Where Pith is reading between the lines
- Similar video-based fine-tuning might be tried on other species or on different social behaviors such as mating or aggression.
- If the models truly capture dominance rather than low-level motion statistics, they could be tested on videos recorded under varied lighting or camera angles.
- The approach could reduce the total annotation burden if a single fine-tuned model transfers across multiple behavioral assays.
Load-bearing premise
Fine-tuned multimodal LLMs extract genuine dominance signals from limited mouse videos rather than latching onto spurious visual cues that fail to generalize.
What would settle it
A fresh collection of tube-test videos on which the model's predicted dominance order shows low agreement with both repeated tube-test outcomes and independent human observers.
Figures
read the original abstract
Understanding social dominance in animal behavior is critical for neuroscience and behavioral studies. In this work, we explore the capability of Multimodal Large Language Models(MLLMs) to analyze raw behavioral video of mice and predict their dominance hierarchy. We introduce MTT-Bench, a novel benchmark comprising annotated videos of pairwise mouse interactions for Mouse Tube Test analysis. Building on existing MLLM architectures, we fine-tune these models to perform zero-shot inference on unseen behavioral sequences, predicting social dominance without explicit labels during testing. Our framework demonstrates promising results, showing high agreement with tube test rankings. This work opens a new direction for applying foundation models to ethology and social behavior analysis, without the need to design domain-specific models.
Editorial analysis
A structured set of objections, weighed in public.
Referee Report
Summary. The paper introduces MTT-Bench, a benchmark of annotated videos capturing pairwise mouse interactions in the Mouse Tube Test. It fine-tunes multimodal large language models (MLLMs) on this data to enable zero-shot prediction of social dominance hierarchies directly from raw behavioral videos on unseen sequences. The central claim is that the resulting framework achieves high agreement with traditional tube test rankings, offering a general-purpose foundation-model approach to ethology that avoids the need for hand-crafted domain-specific models.
Significance.

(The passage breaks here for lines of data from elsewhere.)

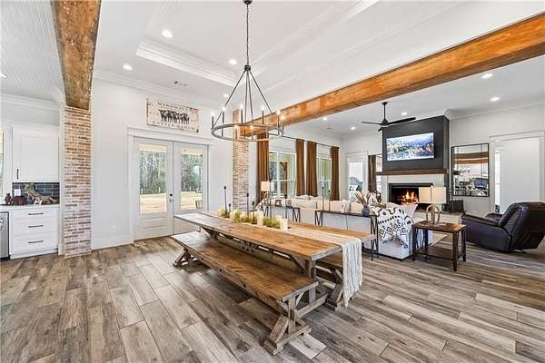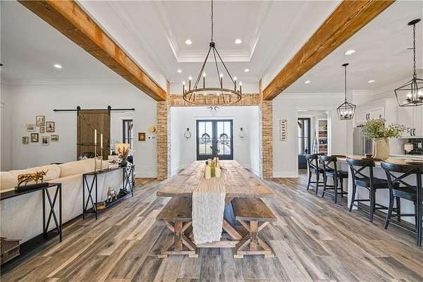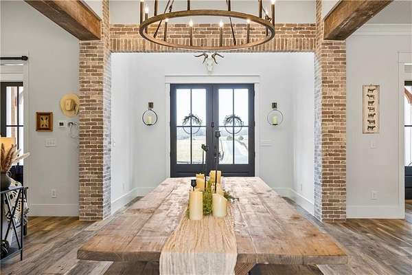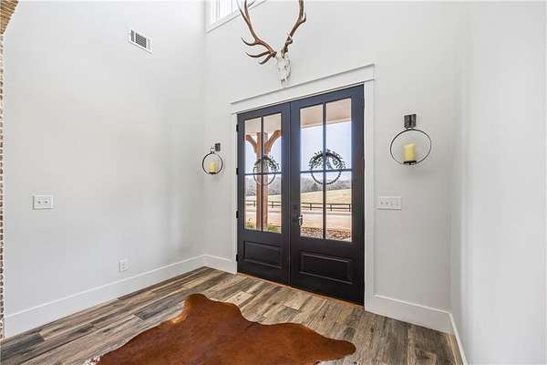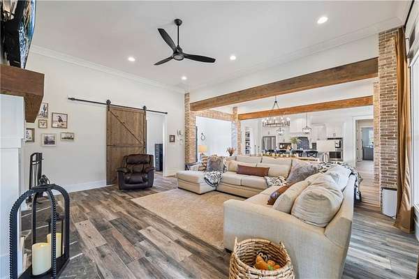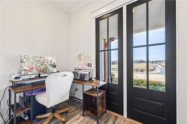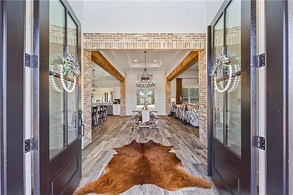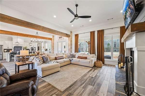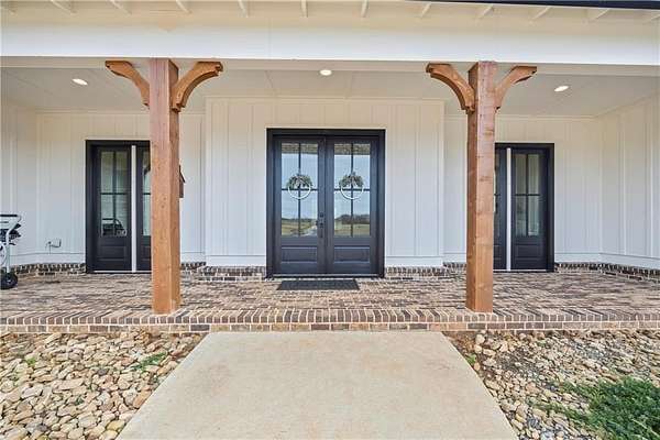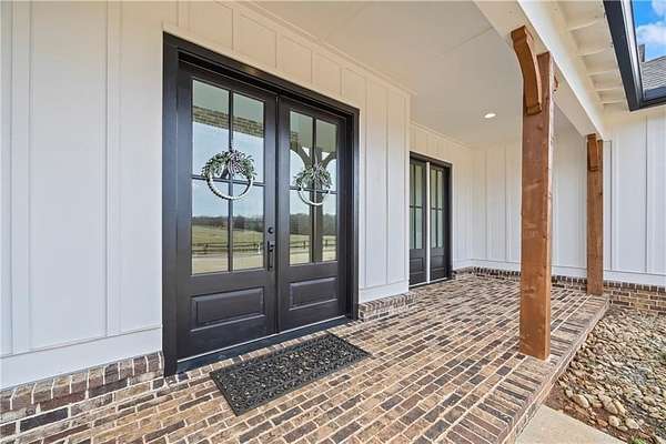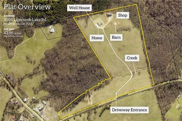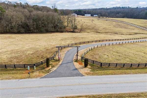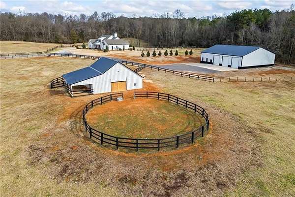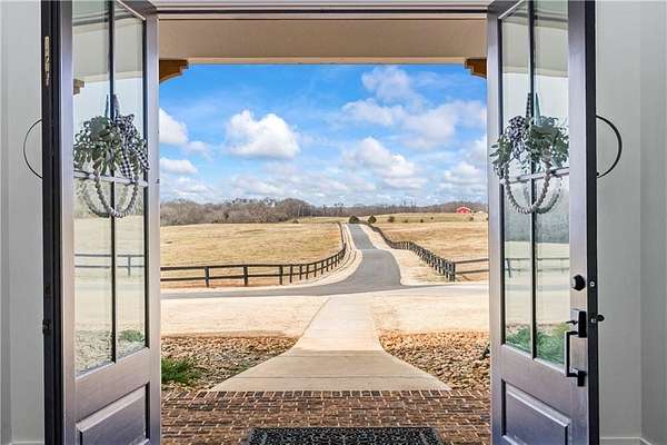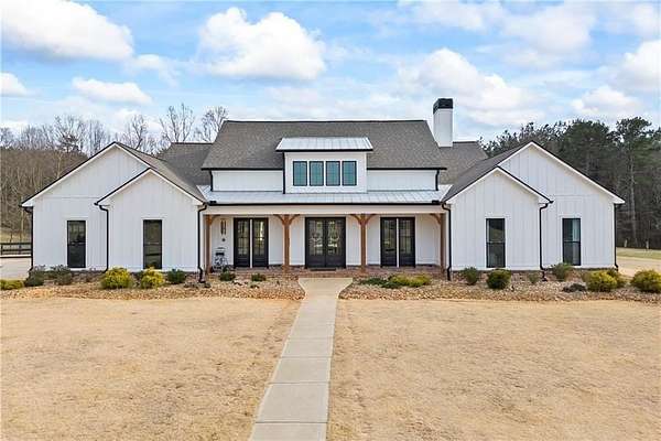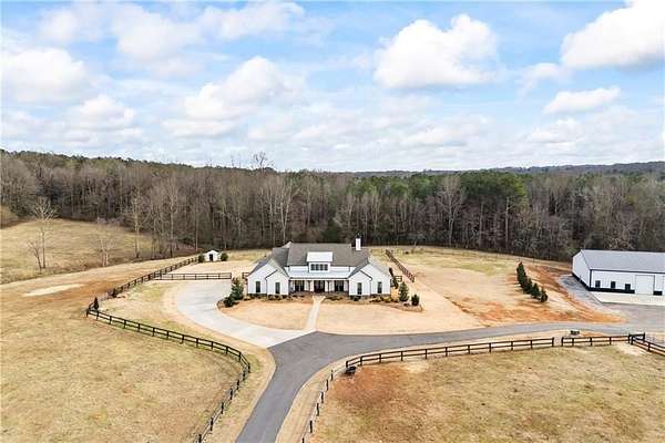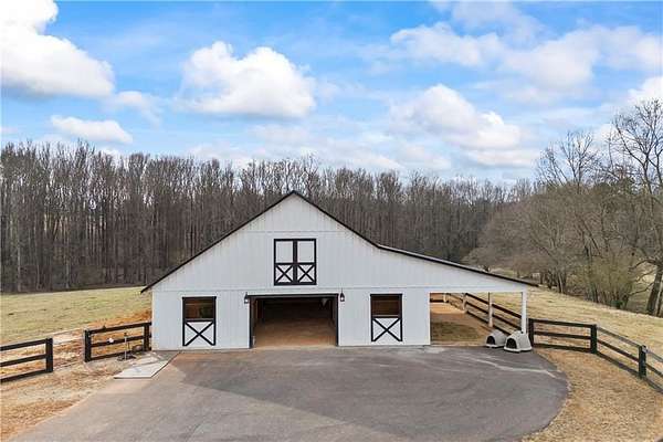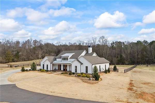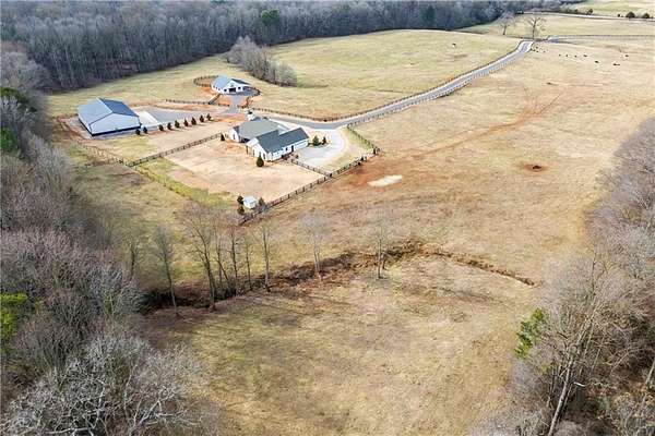 This luxurious farmhouse-style home, perfectly situated on 43+ acres in Jackson County, offers a peaceful and secluded retreat just minutes from your local stores. The private, paved driveway leads to a stunning home, shop, and barn, nestled among lush greenery and a pasture for livestock. The open-concept floor plan boasts four bedrooms, three full bathrooms, and a half bathroom, all situated on the main level. The kitchen seamlessly transitions to a bright, flat, fenced private backyard with an inviting covered porch area, perfect for entertaining. Upgrades throughout the home include quartz countertops, striking real wood beams, porcelain tile flooring, a 50 wood-burning fireplace, oversized pantry, extra tall doorways, large picture windows throughout, and custom cabinet shelving. A recently constructed 60 x 80 shop features three 14 ft garage doors/bays, including an RV hook-up. The 38 x 64 barn, built in 2024, comprises four stalls, a feeding room, power, water, and a hay shed. Exterior features include a 10-zone sprinkler system, multiple water stations, cross-fencing, and a 60-foot corral. This 43-acre farm offers endless opportunities for farming, horseback riding, cattle, outdoor adventure, and recreation. All of this perfectly nestled between 985 and I85 corridors for easy access.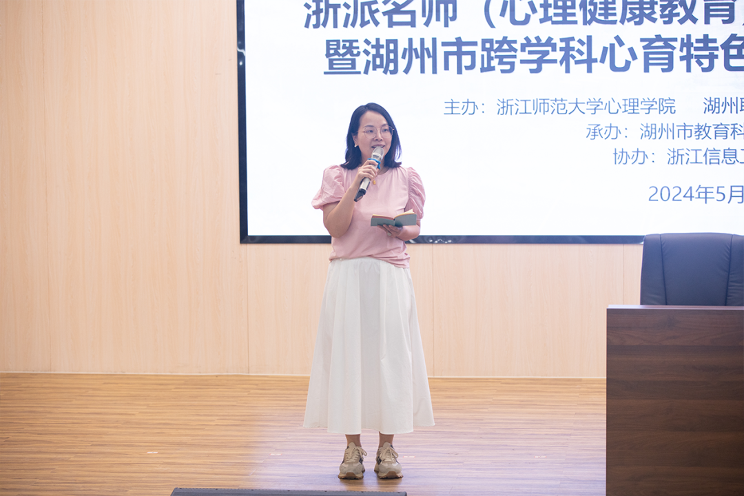 出席活动的有全讯600cc大白菜官网院长孙炳海、党委书记马莉,湖州市教育局局长陈建良、副局长施晓红、德体艺处副处长胡宏飞,湖州市教科研中心主任李敏、副主任邵斌、浙江信息工程学校副校长汤方荣、陆婷以及湖州市各区县心理健康负责人及专任教师100多人。活动分别由李敏和邵斌主持,施晓红和马莉分别致辞发言。
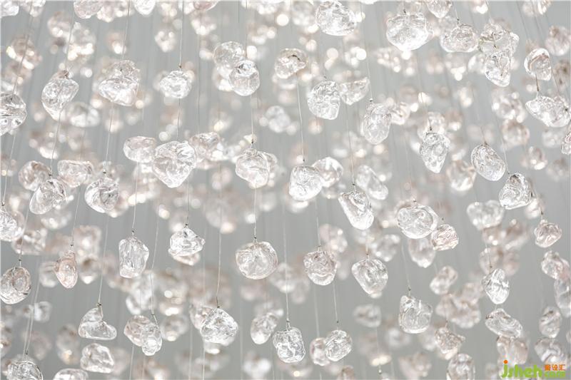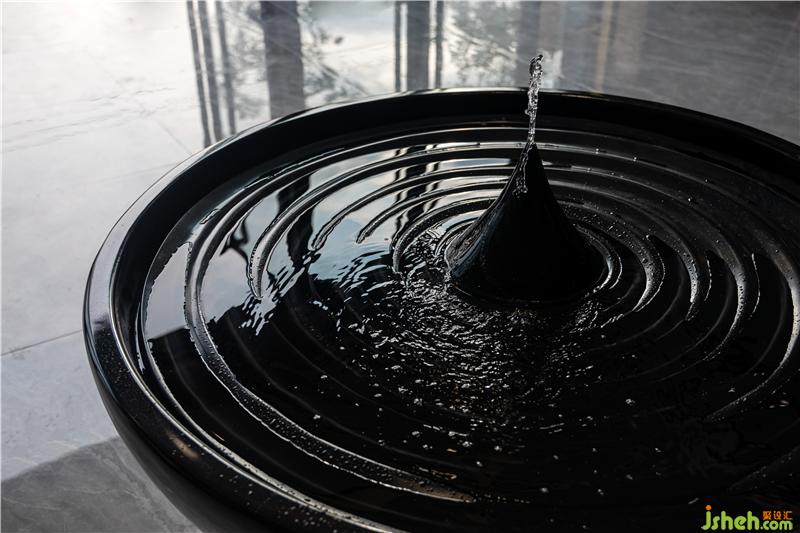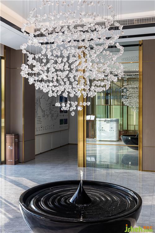 進入前廳,首先映入眼簾的便是乍浦的“水”,水滴形狀的不規(guī)則吊燈,跳躍的水珠緩解了縱向線條的單一和緊張,為空間增添了靈動感,與流水裝置的雕塑相互呼應(yīng)——水滴落在水面上,蕩起層層漣漪。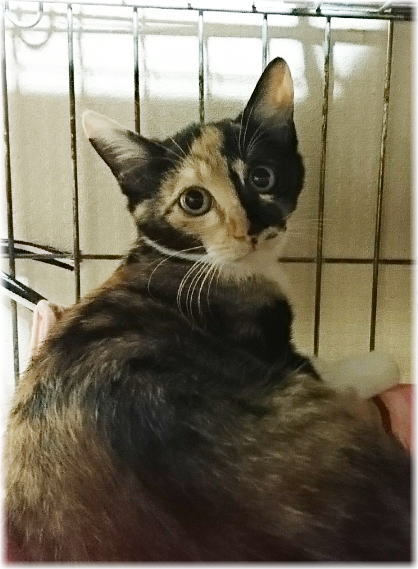 | 特徴(性格など) | お顔の模様がきれいに分かれている可愛い三毛の女の子。 現在募集中の、もう1匹の三毛猫ちゃんと姉妹です。 ちょっと怖がり、臆病な子ですが、子猫なので新しい環境に慣れるのも早いと思います。 ★健康状態良好 ★駆虫済み ★エイズ・白血病等の血液検査の結果、陰性 ★マイクロチップ埋め込み済み |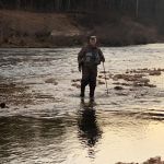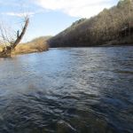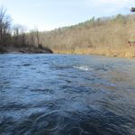 The river rose a foot overnight. I headed out just after sunrise and walked the three quarters of a mile to The Falls. If you haven’t visited ROLF, and aren’t familiar with The Falls, don’t let the term fool you—it isn’t much of a waterfall, as far as waterfalls go. It is a beautiful part of the river that boasts a sharp two-foot drop across the river’s width. Even at normal river depth there is very little of the area that I am skilled enough to wade and fish. After surveying the area and taking in the beauty of the river I decided to mark my territory before plunging forward. I love the zippered waders that Julie got me for Christmas, they are truly a gamechanger for this endeavor—a big thanks to Pete for introducing them to me on my graduation trip!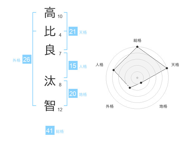 高比良 汰智さんの天格は21画の5点!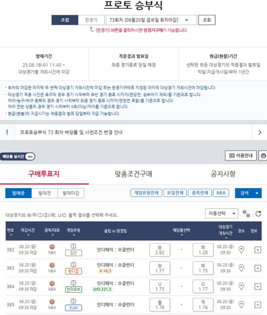 NBA 플레이오프 파이널 6차전 인디애나(홈)-오클라호마(원정)전을 대상으로 하는 프로토 승부식 73회차의 상세 분석 및 구매 정보는 공식 인터넷 발매사이트 ‘베트맨’ 토토가이드에서 확인하면 된다.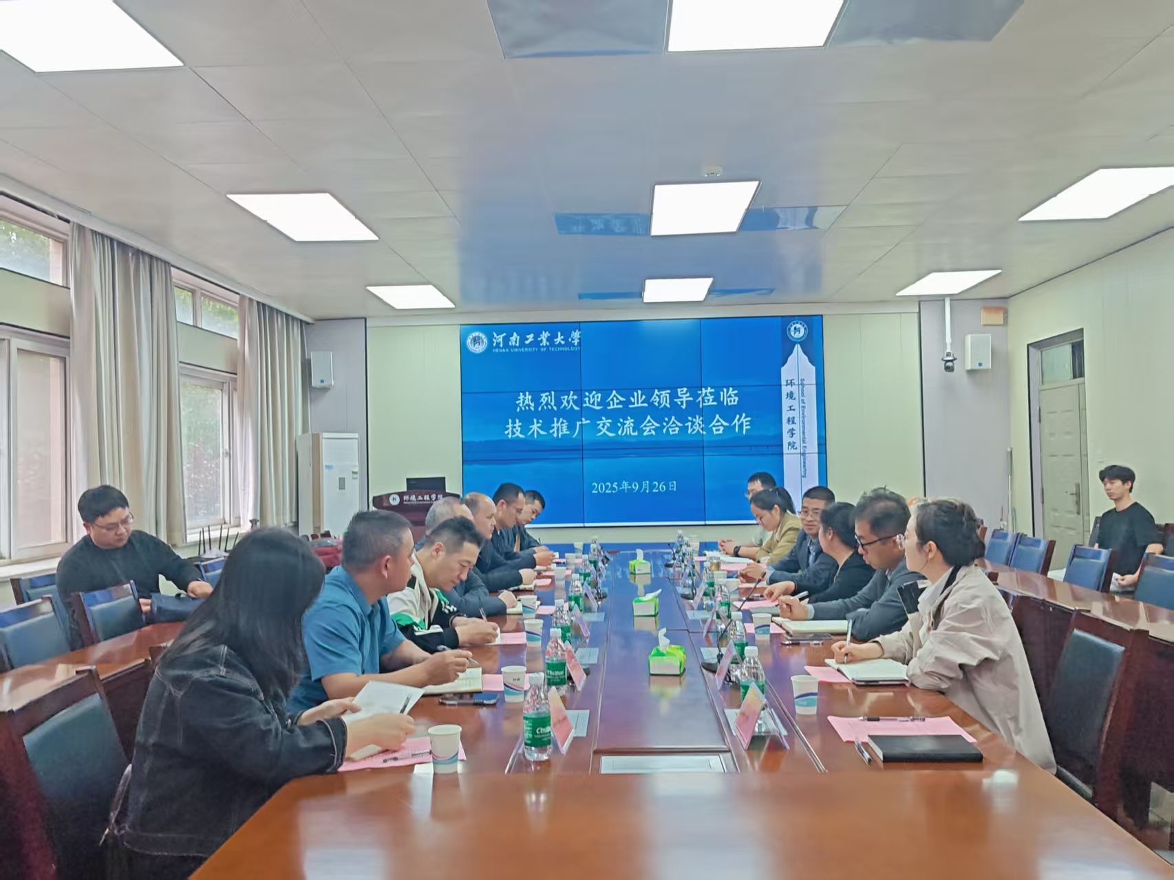 9月26日上午,多家企业应约走进环境工程学院开展技术交流洽谈合作。基于前期的沟通和科研基础,平顶山东方炭素有限公司董事长杨遂运带领公司技术人员、河南钢铁缔澄环保公司污水部经理郜小晶、河南澜溪环保科技公司总经理左小伟和技术总监刘佳佳等一行到环境工程学院开展技术交流洽谈合作。学院党委副书记杨计国、副院长陈寒玉、副院长张良波和部分教师代表参加本次交流活动并进行座谈。会议由陈寒玉主持。
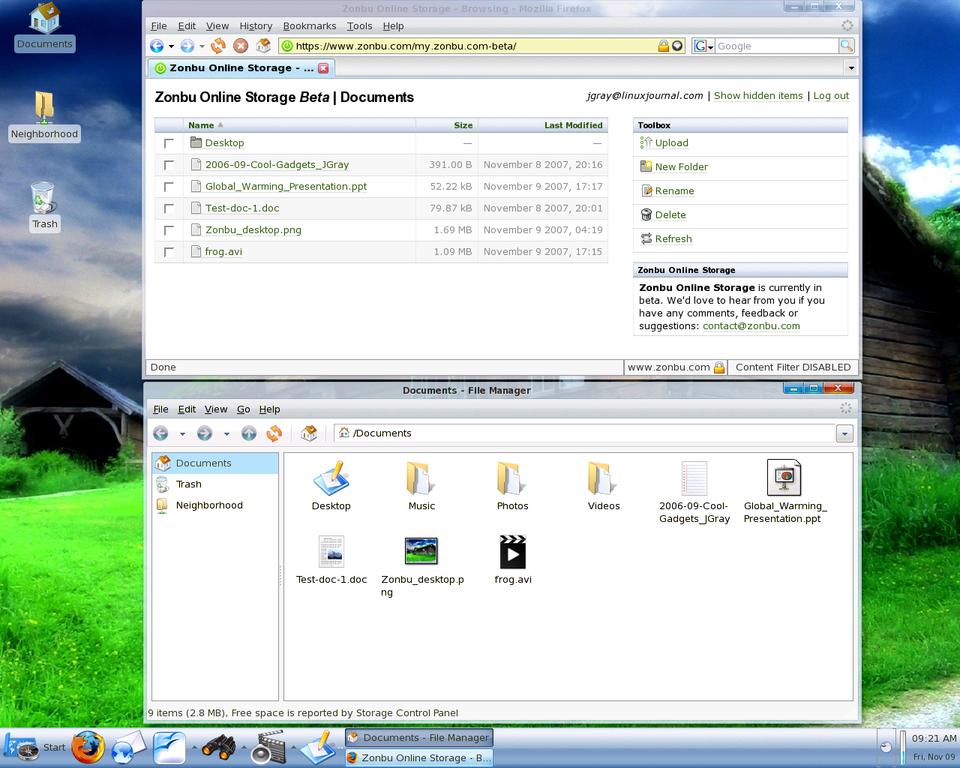 Figure 3. Zonbu keeps recent files in its 3GB local cache. Other files reside in on-line storage if you subscribe to a storage and maintenance plan.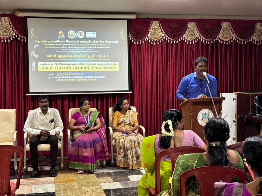 தமிழ்நாடு தொழில் முனைவோர் மேம்பாடு மற்றும் புத்தாக்க நிறுவனம் சார்பில் பள்ளி ஆசிரியர்களுக்கு புத்தாக்க மேம்பாட்டு பயிற்சி முகாம்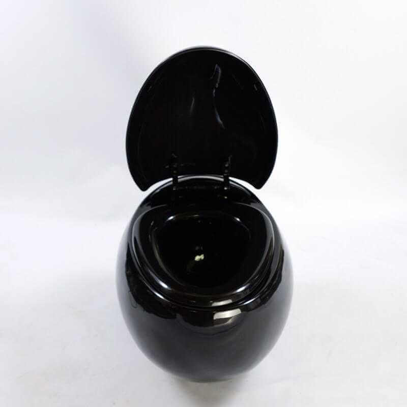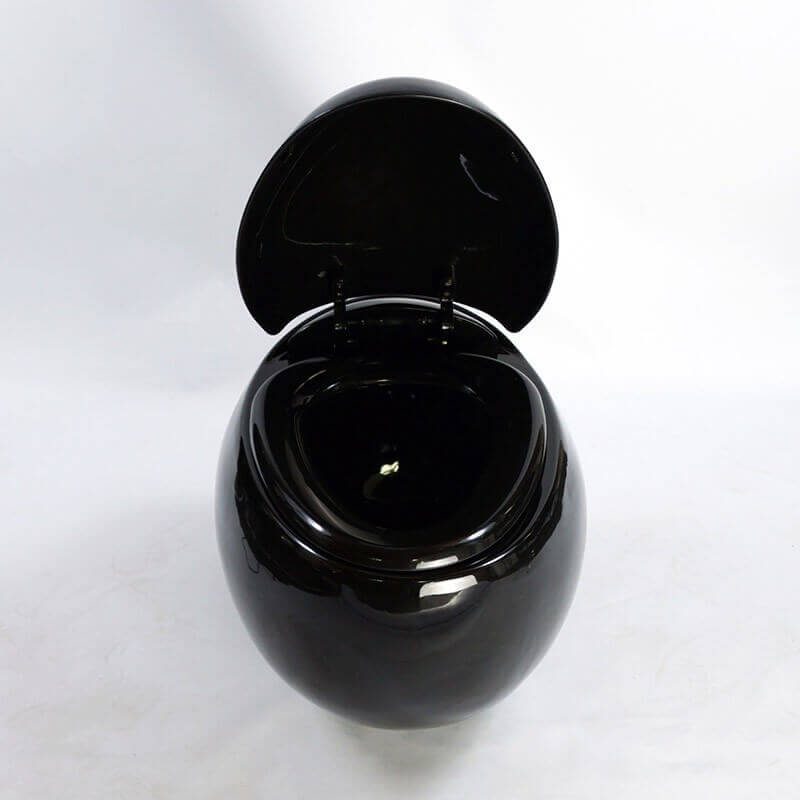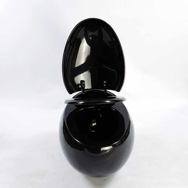 Discover the Ove design hanging WC in the shape of a shiny black ceramic egg. This suspended toilet bowl has a wC cutting curved that fits perfectly with the toilet bowl hanging egg design. The black egg hanging toilet is equipped with a fall brake for a quiet and safe closure.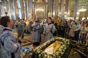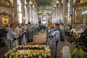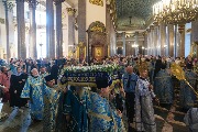 "Мы не просто вспоминаем Богородицу - Она всегда жива в нашей памяти, - продолжил архипастырь. - Она жива вообще, потому что была взята на Небо Сыном Божиим, оттуда видит и благословляет нас, собравшихся проститься с Ней, подобно апостолам в Сионской горнице, где Она жила с Иоанном Богословом в Свои последние годы. Так и мы, словно из Сионской горницы, совершили крестный ход в Гефсиманию, где было погребено тело Пречистой Девы. На третий день по Успении Она была взята с уже преображенным телом на Небо, и оставила на земле только Свои пелены и пояс".

If the quantitative claims hold under proper validation, the work could meaningfully advance the application of general-purpose MLLMs to animal behavior analysis in neuroscience, potentially streamlining dominance hierarchy inference without specialized feature engineering. The introduction of a public benchmark is a constructive step, but the absence of any reported metrics, controls, or baselines currently prevents determining whether the approach captures genuine behavioral signals or spurious video cues.
major comments (2)
- [Abstract] Abstract: The assertion that the framework shows 'promising results' and 'high agreement with tube test rankings' is presented without any quantitative support (accuracy, rank correlation, kappa, sample size, train/test split, or statistical tests). This directly undermines evaluation of the central generalization claim that fine-tuned MLLMs extract dominance signals rather than non-behavioral confounders such as body size, fur color, or lighting.
- [Framework] Framework description: No details are supplied on the fine-tuning objective, loss function, output decoding for dominance (e.g., pairwise ranking vs. direct classification), specific MLLM backbones, or ablation studies that isolate behavioral features from visual artifacts. These omissions are load-bearing because they leave open whether performance reflects learned social behavior or dataset-specific shortcuts.
minor comments (1)
- [Abstract] The abstract would be strengthened by including at least one concrete performance number and the size of MTT-Bench to allow readers to gauge the scale of the reported agreement.
Simulated Author's Rebuttal
We thank the referee for the constructive feedback. We agree that both the abstract and framework sections require additional quantitative and technical details to strengthen the central claims. We will revise the manuscript accordingly.
read point-by-point responses
-
Referee: [Abstract] Abstract: The assertion that the framework shows 'promising results' and 'high agreement with tube test rankings' is presented without any quantitative support (accuracy, rank correlation, kappa, sample size, train/test split, or statistical tests). This directly undermines evaluation of the central generalization claim that fine-tuned MLLMs extract dominance signals rather than non-behavioral confounders such as body size, fur color, or lighting.
Authors: We agree that the abstract should include quantitative support to allow immediate evaluation of the claims. The full manuscript reports these metrics in the Results section (accuracy, Spearman rank correlation, Cohen's kappa, sample sizes for train/test splits, and statistical tests). We will revise the abstract to explicitly state key values such as the agreement rate with tube-test rankings, the number of videos evaluated, and the train/test protocol. This change will directly address concerns about potential confounders by highlighting the controlled evaluation setup. revision: yes
-
Referee: [Framework] Framework description: No details are supplied on the fine-tuning objective, loss function, output decoding for dominance (e.g., pairwise ranking vs. direct classification), specific MLLM backbones, or ablation studies that isolate behavioral features from visual artifacts. These omissions are load-bearing because they leave open whether performance reflects learned social behavior or dataset-specific shortcuts.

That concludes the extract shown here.